■ **What this task involves**
With the material below, print exactly the lines between the line holding "Once applied to" and the line holding "OMV Petrom made", inclusive. Add nothing else.

■ **Materials provided**
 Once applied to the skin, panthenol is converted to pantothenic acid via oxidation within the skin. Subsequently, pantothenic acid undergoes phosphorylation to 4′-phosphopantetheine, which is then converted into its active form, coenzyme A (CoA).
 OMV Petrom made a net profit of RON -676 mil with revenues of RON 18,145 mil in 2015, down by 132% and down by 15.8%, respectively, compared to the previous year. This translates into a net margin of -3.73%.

...

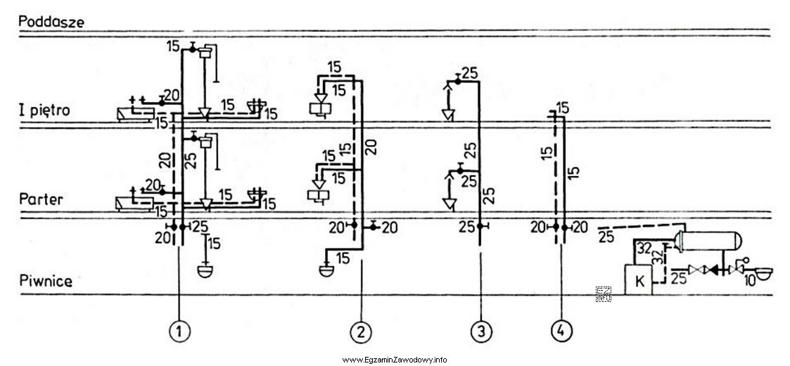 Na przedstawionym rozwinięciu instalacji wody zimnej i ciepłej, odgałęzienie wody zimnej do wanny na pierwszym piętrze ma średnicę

■ **Answer to the exercise**
 Once applied to the skin, panthenol is converted to pantothenic acid via oxidation within the skin. Subsequently, pantothenic acid undergoes phosphorylation to 4′-phosphopantetheine, which is then converted into its active form, coenzyme A (CoA).
 OMV Petrom made a net profit of RON -676 mil with revenues of RON 18,145 mil in 2015, down by 132% and down by 15.8%, respectively, compared to the previous year. This translates into a net margin of -3.73%.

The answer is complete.